PROMPT
The result should be the listing below restated word for word, with images left out.

PROVIDED MATERIAL
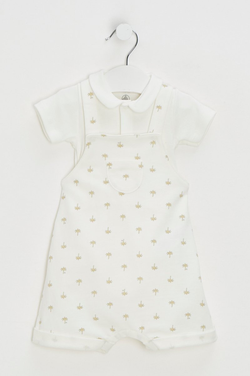 Body et salopette - Blanc et marron clair
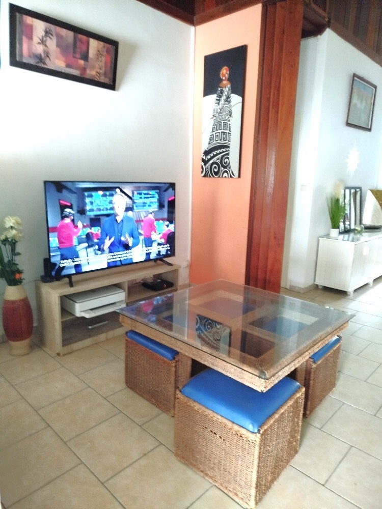 Čudovita 3-sobna lesena hiša v mirnem stanovanjskem območju. Hiša se nahaja sredi gozdnega vrta, ki meri 4000 m2, z zasebnim bazenom, na robu državnega gozda Mont Matoury. Hiša se kljub temu dobro nahaja, saj je na: - 5 min od trgovskih centrov, kinematografov. - 15 minut od središča mesta Cayenne. - 15 minut od letališča. - 5 minut do prve plaže Tam boste v miru, stran od prometnih zastojev in v osrčju narave. Dobrodošel, Sylvain.
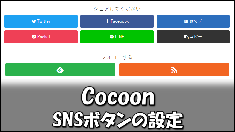 Cocoonの『SNSフォロー設定』では、各SNSに加えて、FeedlyとRSSのボタンも設置できます。

ANSWER TO THIS EXERCISE
 Body et salopette - Blanc et marron clair
 Čudovita 3-sobna lesena hiša v mirnem stanovanjskem območju. Hiša se nahaja sredi gozdnega vrta, ki meri 4000 m2, z zasebnim bazenom, na robu državnega gozda Mont Matoury. Hiša se kljub temu dobro nahaja, saj je na: - 5 min od trgovskih centrov, kinematografov. - 15 minut od središča mesta Cayenne. - 15 minut od letališča. - 5 minut do prve plaže Tam boste v miru, stran od prometnih zastojev in v osrčju narave. Dobrodošel, Sylvain.
 Cocoonの『SNSフォロー設定』では、各SNSに加えて、FeedlyとRSSのボタンも設置できます。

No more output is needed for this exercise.